Even the home loan sector saw a spike in bad debts. Yet, when the 2008 crisis hit, it did not lead to any significant increase in the amount of bad retail loans. Primarily, it was because old sins had already been accounted for and new unsecured loans and credit cards had dropped to a trickle much before the crisis hit. But a much more important reason was the emergence of credit bureaus (called CIBIL in common parlance after the largest and the oldest of these), under a legislative mandate that made sure lenders knew the complete background of prospective borrowers including, his total borrowings, and repayment record before taking credit decision. So much so that despite the many ups and downs in the economy since then, the one constant has been that the amount of bad retail loans are at an all-time low.
This has also benefited loan borrowers, as credit costs have dropped significantly, as lenders don't have to factor in so many bad debts as earlier and decision making on loan applications has also increased significantly.

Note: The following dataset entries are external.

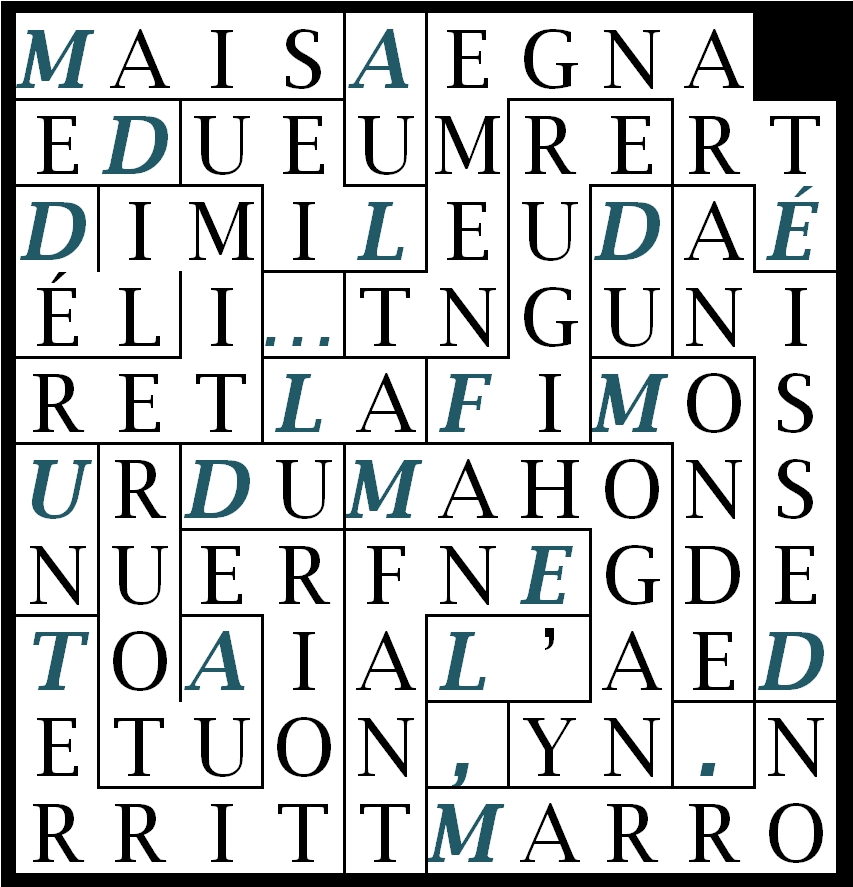 ** Rechercher la phrase découverte dans la grille sur internet… (aboutissant le plus souvent sur babelio.com ) permet de découvrir le nom de son auteur, ainsi que de lire cet extrait dans une version plus longue. (Si tu arrives sur googlebook, ou numilog, il est probable que tu pourras lire plus d’une page)
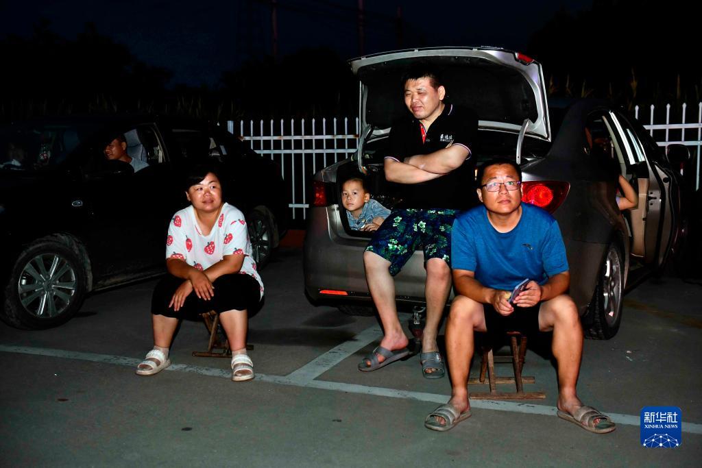 8月6日,平原县王打卦镇群众在户外有序避险。新华社记者 郭绪雷 摄
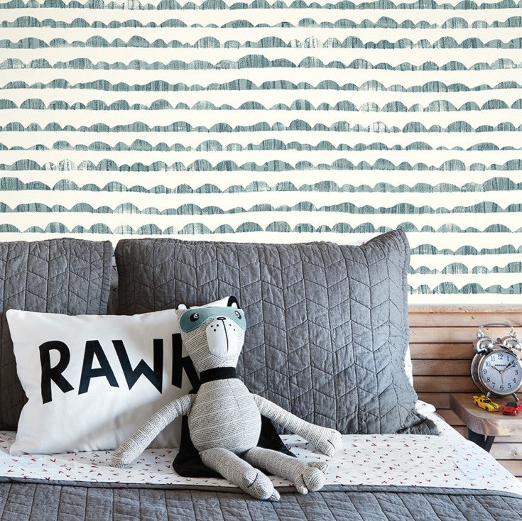 Rolling hills in silhouette create a scenic landscape of horizontal stripes with their shapes charmingly enhanced by an overlay of print, reminiscent of hand painted cloth.
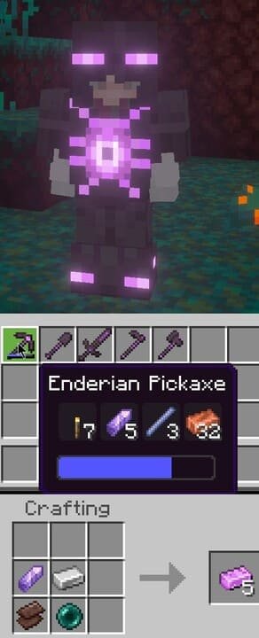 The Endarian ingot is crafted from amethyst, iron ingot, echo shard, and Edge pearl. A full set of this armor in Minecraft PE (Bedrock) allows you to mark a location in the air and teleport to it by crouching twice. Each piece of armor grants immunity to Slowness, and tools can store items like pouches.
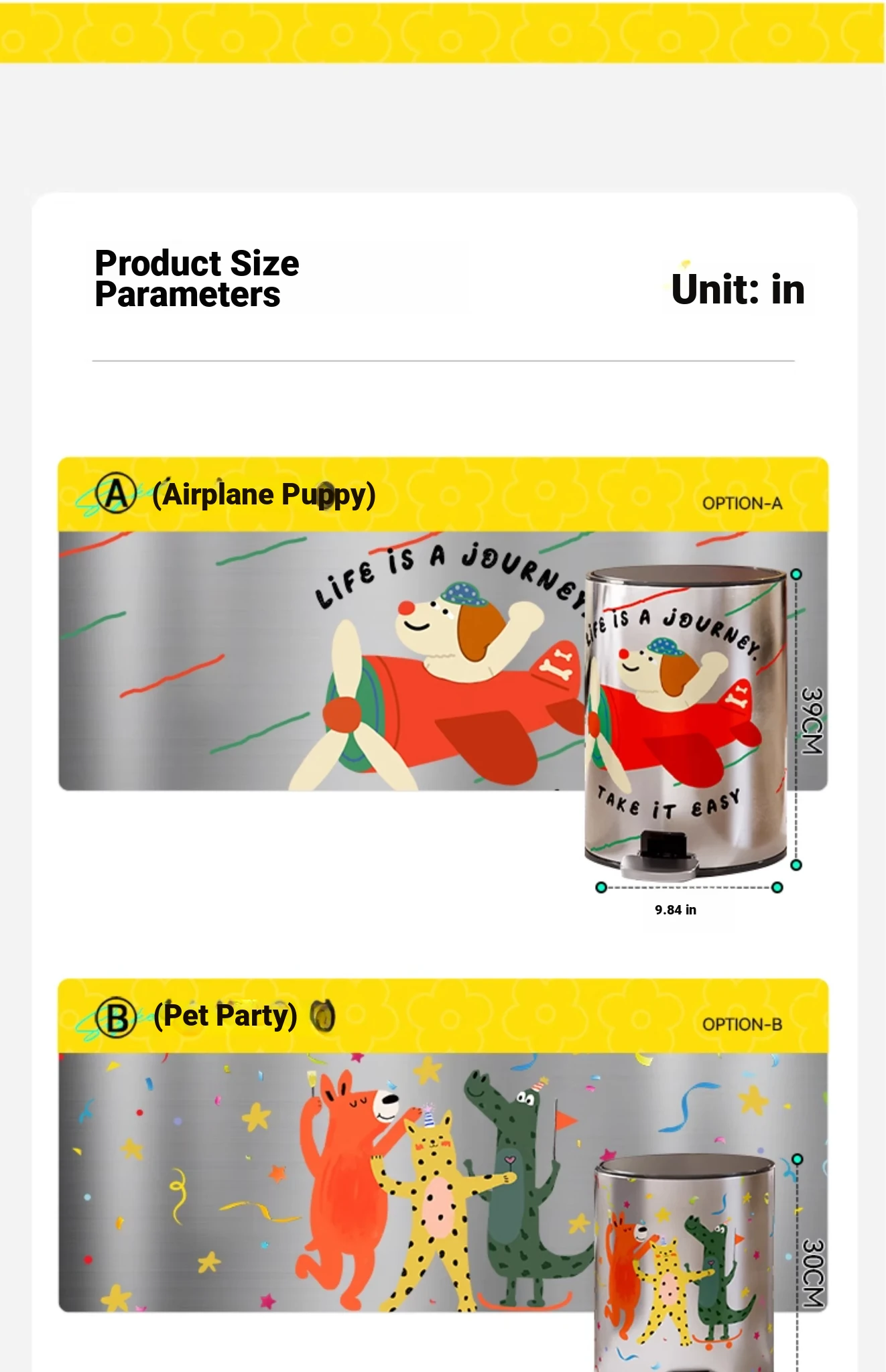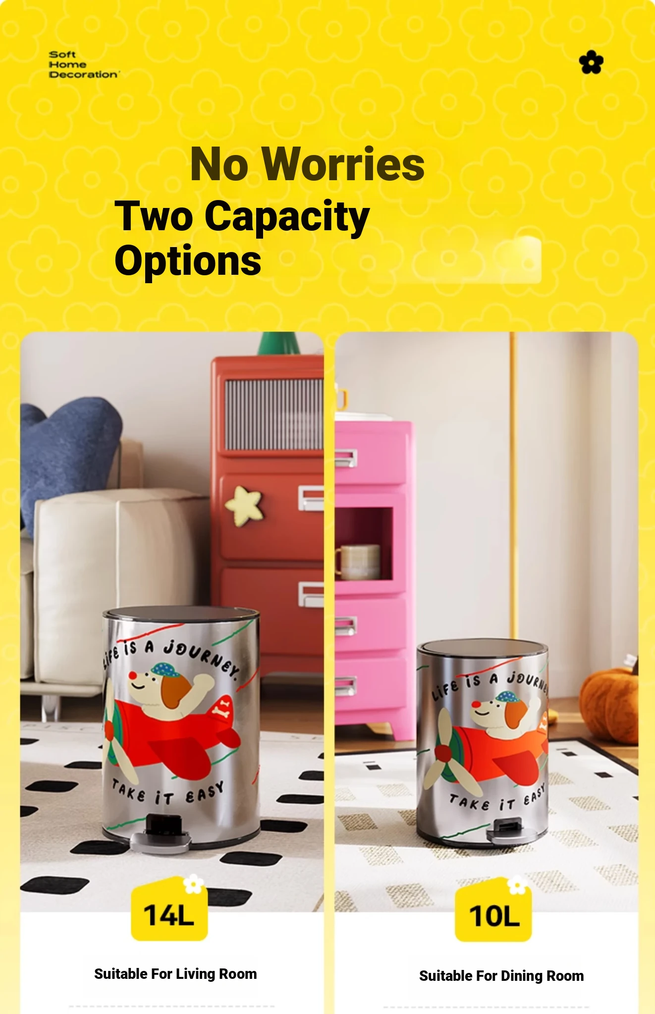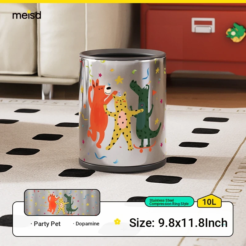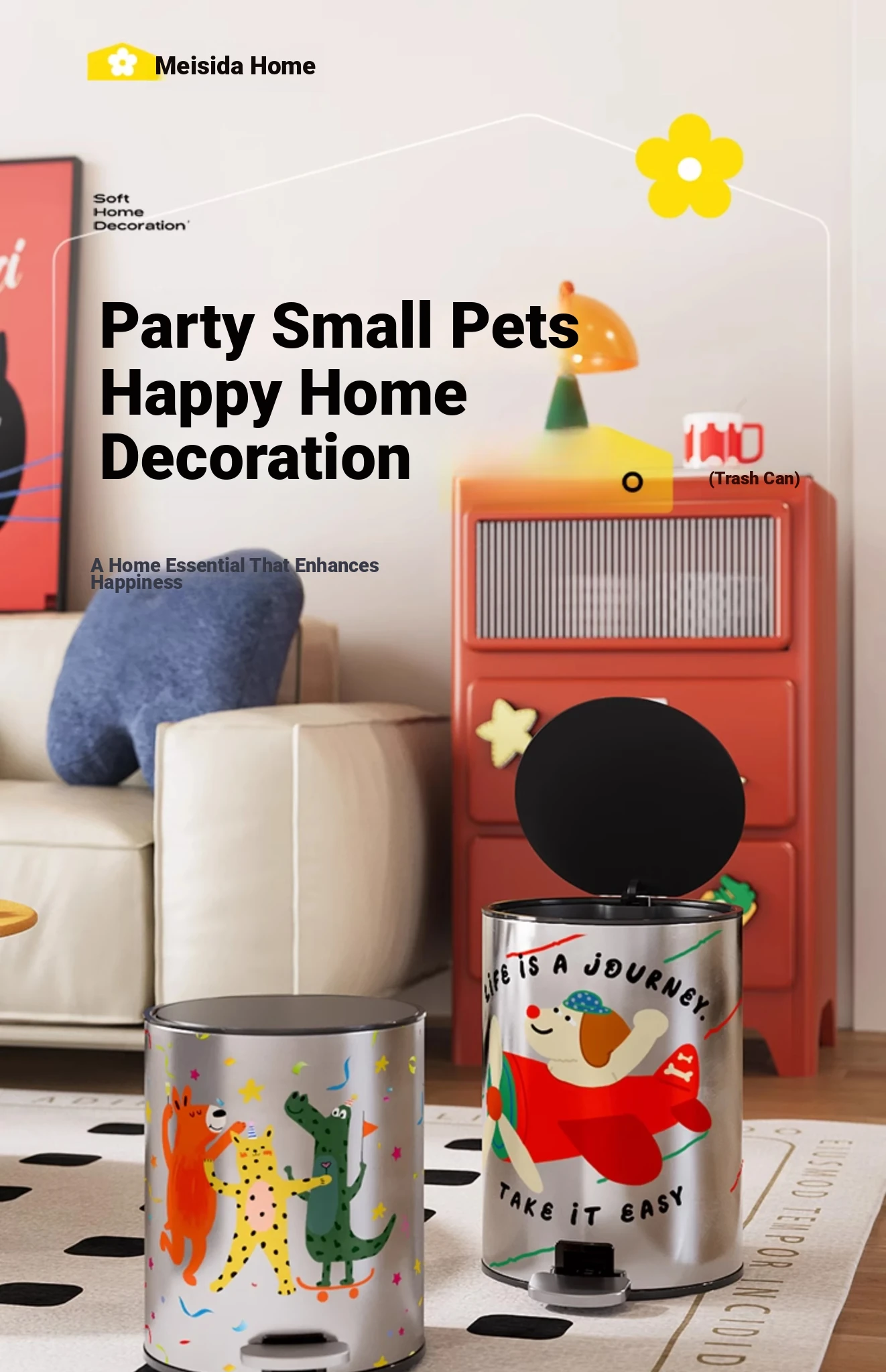 Stylish Stainless Steel Trash Can with Lid - Cute Cartoon Design Perfect for Living Room and Bedroom - Large Foot Pedal Household Bin

So, if all is hunky dory, what is this article about? This is about the issues consumers face with credit bureaus. The number of complaints about wrong reporting of defaults that leads to denial of credit to otherwise creditworthy consumers has been rife. Primarily the issue arises from incorrect reporting by the lenders, which have nothing to lose. When customers protest about incorrect reporting, banks do the equivalent of "oops - we are sorry" and report the correction to the bureau. The customer still needs to run around to get the records updated in the bureau.

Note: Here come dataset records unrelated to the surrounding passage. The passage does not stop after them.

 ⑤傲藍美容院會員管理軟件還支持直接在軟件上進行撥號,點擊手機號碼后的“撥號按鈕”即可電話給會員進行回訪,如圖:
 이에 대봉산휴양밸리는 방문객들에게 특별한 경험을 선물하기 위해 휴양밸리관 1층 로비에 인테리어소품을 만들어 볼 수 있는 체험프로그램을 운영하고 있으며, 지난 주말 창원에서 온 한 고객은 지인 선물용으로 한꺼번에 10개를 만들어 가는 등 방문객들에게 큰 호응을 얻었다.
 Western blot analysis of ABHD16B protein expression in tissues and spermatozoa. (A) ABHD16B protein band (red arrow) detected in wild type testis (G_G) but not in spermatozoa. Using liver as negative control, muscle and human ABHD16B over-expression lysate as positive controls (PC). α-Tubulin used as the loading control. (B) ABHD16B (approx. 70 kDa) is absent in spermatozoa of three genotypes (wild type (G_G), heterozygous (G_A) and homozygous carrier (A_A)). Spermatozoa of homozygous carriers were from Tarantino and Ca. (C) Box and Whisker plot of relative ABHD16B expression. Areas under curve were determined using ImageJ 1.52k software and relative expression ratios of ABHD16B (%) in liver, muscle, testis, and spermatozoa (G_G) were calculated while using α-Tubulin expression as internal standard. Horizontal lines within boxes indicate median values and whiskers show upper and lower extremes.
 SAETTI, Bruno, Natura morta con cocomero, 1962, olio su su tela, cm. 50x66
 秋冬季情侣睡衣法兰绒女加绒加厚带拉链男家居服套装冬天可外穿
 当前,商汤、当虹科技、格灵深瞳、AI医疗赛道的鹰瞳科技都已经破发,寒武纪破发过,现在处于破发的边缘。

Meanwhile, the economic cost of denial of credit is paid by the customer. These costs are increasing dramatically, as online credit approvals become more common. The legislation requires banks to act responsibly while presenting the data to the bureau but does not prescribe any penalties in even proven cases of irresponsibility. The consumer himself has no access to compensation for the real losses suffered by him in case of wrong reporting by the bank. It is now reported that telecom companies will also be permitted to give credit information to the bureaus. A record keeping history on billing and billing disputes are a matter of public record and one shudders to think of the fate awaiting the poor telco subscribers, who are battling disputes with their telecom providers now being forced to now also fight to protect their credit worthiness. Legal experts are better judges but denial of credit based on wrong information from a lender or a telco acting irresponsibly should definitely qualify as a deterioration of the "right to life" guaranteed to all citizens under the constitution.
Globally, there is legislation such as the 'fair credit' reporting Act that allocated specific responsibilities on the reporting institutions and provides for strict penalties when those standards are not maintained. It is imperative that this aspect of ascribing responsibility and providing deterrent penalties is first put in place in a legislative framework before allowing telecom companies or insurance companies or any other type of institutions to report collection data to credit bureaus.